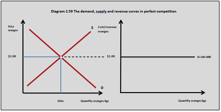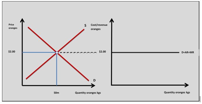 In the orange market example, each farm has to charge $2.00 per kilo which equals the average revenue and marginal revenue for each firm in the market.
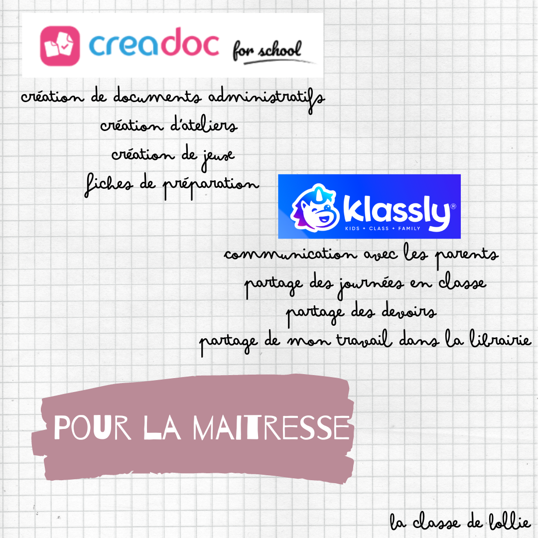 Klassly, pour communiquer avec les parents, pour partager des moments de vie de classe, pour partager les dates importantes, pour prendre rendez vous avec les parents et pour partager les devoirs en cas d’oublis.
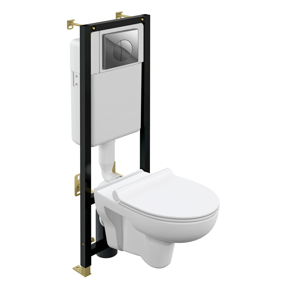 Комплектация подвесной унитаз, крышка-сиденье, инсталляция, шумаизоляционная прокладка, монтажный комплект, гарантийный талон/инструкция
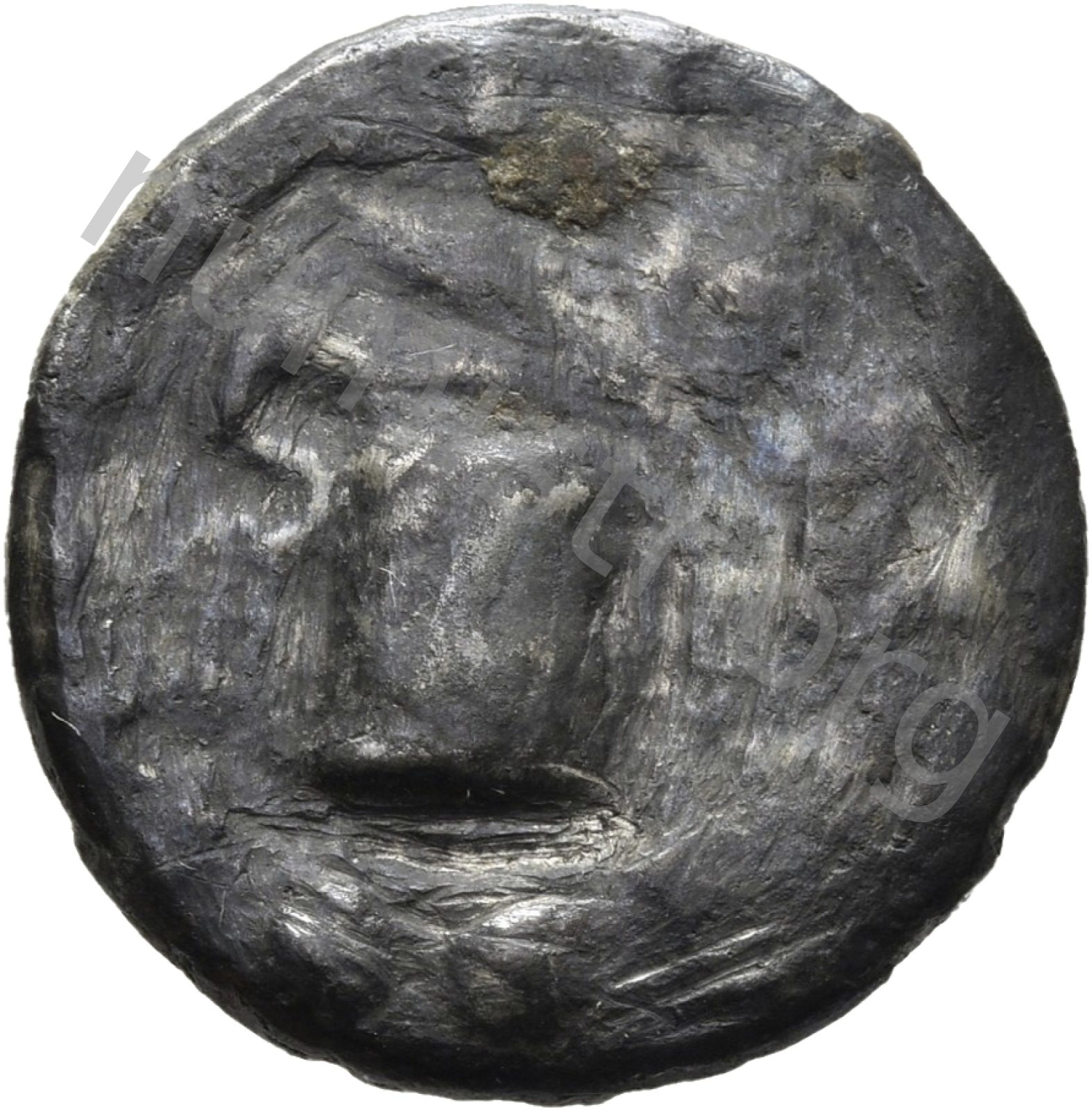 Gorytos (yay kılıfı) bir artı işaretiyle süslenmiş ve iki iç içe geçmiş yılan arasında bir yay bulunan; yan tarafta haşhaş başlı ve mısır koçanı bulunan
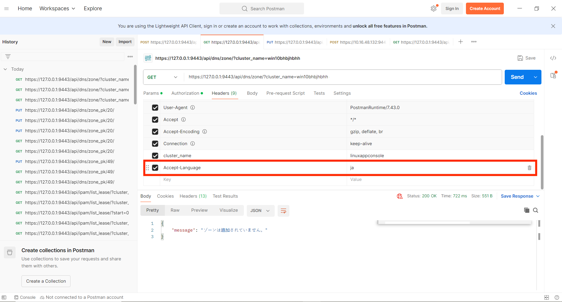 As highlighted in the image above, "ja" (Japanese) is set as the language preference. Therefore, the API will return responses in Japanese if localization is supported.
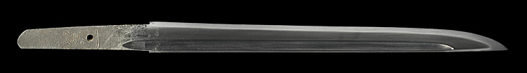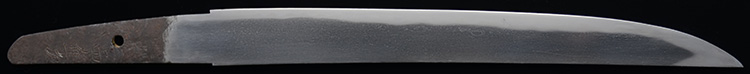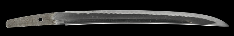 平造り庵棟 うぶ茎 板目肌、柾交じり、やや肌立ちよく詰む。地沸微塵に厚くつき、細かな地景顕われ淡く白気映り立つ。刃紋は湾れに互の目、丁字、尖り心の刃交じる。匂い口フックラと小沸よくつく。飛び焼きかかり匂い足、葉働く。金筋、砂流しかかり、匂い口明るく冴える。末関。出鮫黒呂塗鞘合口拵付き。(特別保存刀剣)
▬▬▬
Reproduce only the lines between the line with "комплект, гарантийный талон/инструкция" and the final line of the records, both included, so that the copy matches them exactly and contains no pictures.

 Комплектация подвесной унитаз, крышка-сиденье, инсталляция, шумаизоляционная прокладка, монтажный комплект, гарантийный талон/инструкция
 Gorytos (yay kılıfı) bir artı işaretiyle süslenmiş ve iki iç içe geçmiş yılan arasında bir yay bulunan; yan tarafta haşhaş başlı ve mısır koçanı bulunan
 As highlighted in the image above, "ja" (Japanese) is set as the language preference. Therefore, the API will return responses in Japanese if localization is supported.
 平造り庵棟 うぶ茎 板目肌、柾交じり、やや肌立ちよく詰む。地沸微塵に厚くつき、細かな地景顕われ淡く白気映り立つ。刃紋は湾れに互の目、丁字、尖り心の刃交じる。匂い口フックラと小沸よくつく。飛び焼きかかり匂い足、葉働く。金筋、砂流しかかり、匂い口明るく冴える。末関。出鮫黒呂塗鞘合口拵付き。(特別保存刀剣)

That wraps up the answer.